Do you know similar robust parameter estimation approaches for other distributions such as Gamma distribution or the Exponentially modified Gaussian distribution (which needs Skewness in parameter estimation, and outliers really mess up this value)?

Best Answer

The observation that in an example involving data drawn from a contaminated Gaussian distribution, you'd get better estimates of the parameters describing the bulk of the data by using the $\text{mad}$ instead of $\text{med}|x-\text{med}(x)|$ where $\text{mad}(x)$ is:

$$\text{mad}=1.4826\times\text{med}|x-\text{med}(x)|$$

--where, $(\Phi^{-1}(0.75))^{-1}=1.4826$ is a consistency factor designed to ensure that $$\text{E}(\text{mad}(x)^2)=\text{Var}(x)$$ when $x$ is uncontaminated-- was originally made by Gauss (Walker, H. (1931)).
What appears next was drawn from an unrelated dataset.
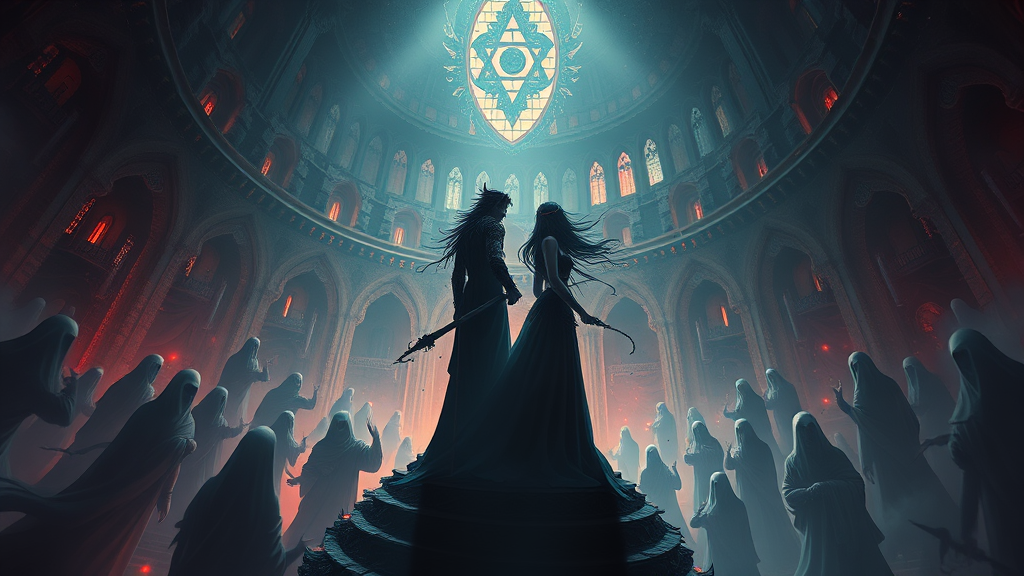 Royal darkness and vibrant contrast merge as two mystical figures stand in a spiral of ghosts within a vast, shadowed castle. Their poses are striking and elegant, reminiscent of grand artworks from Magic the Gathering. The intricate scene is filled with dramatic shadows and tribal dark fantasy elements. Orthodox symbolism weaves through the ambient occlusion, adding layers of emotion and depth to the visual narrative.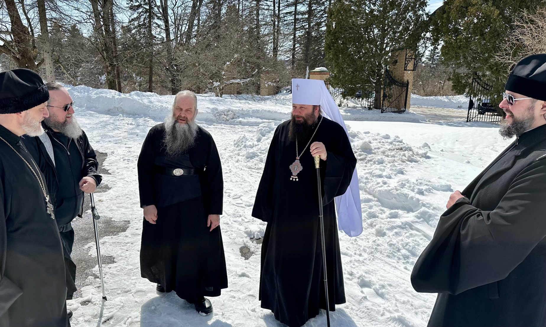 On Thursday, 16 March, 2023, the fifteenth anniversary of the repose of Metropolitan Laurus of blessed memory, His Eminence Metropolitan Nicholas of Eastern America and New York, First Hierarch of the Russian Orthodox Church Outside of Russia, visited Holy Trinity Monastery in Jordanville, NY. His Grace Bishop Luke greeted the Primate and invited him to the Abbot’s reception for a meeting.

I cannot think of any reason not to use the $\text{med}$ instead of the sample mean in this case. The lower efficiency (at the Gaussian!) of the $\text{mad}$ can be a reason not to use the $\text{mad}$ in your example. However, there exist equally robust and highly-efficient alternatives to the $\text{mad}$. One of them is the $Q_n$. This estimator has many other advantages beside. It is also very insensitive to outliers (in fact nearly as insensitive as the mad). Contrary to the mad, it is not built around an estimate of location and does not assume that the distribution of the uncontaminated part of the data is symmetric. Like the mad, It is based on order statistics, so that it is always well defined even when the underlying distribution of your sample has no moments. Like the mad, It has a simple explicit form. Even more than for the mad, I see no reasons to use the sample standard deviation instead of the $Q_n$ in the example you describe (see Rousseeuw and Croux 1993 for more info about the $Q_n$).

As for your last question, about the specific case where $x\sim\Gamma(\nu,\lambda)$, then

$$\text{med}(x)\approx\lambda(\nu-1/3)$$

and

$$\text{mad}(x)\approx\lambda\sqrt{\nu}$$

(in both cases the approximations become good when $\nu>1.5$) so that

$$\hat{\nu}=\left(\frac{\text{med}(x)}{\text{mad}(x)}\right)^2$$

and

$$\hat{\lambda}=\frac{\text{mad}(x)^2}{\text{med}(x)}$$

See Chen and Rubin (1986) for a complete derivation.

  • J. Chen and H. Rubin, 1986. Bounds for the difference between median and mean of Gamma and Poisson distributions, Statist. Probab. Lett., 4 , 281–283.
  • P. J. Rousseeuw and C. Croux, 1993. Alternatives to the Median Absolute Deviation Journal of the American Statistical Association , Vol. 88, No. 424, pp. 1273-1283
  • Walker, H. (1931). Studies in the History of the Statistical Method. Baltimore, MD: Williams & Wilkins Co. pp. 24–25.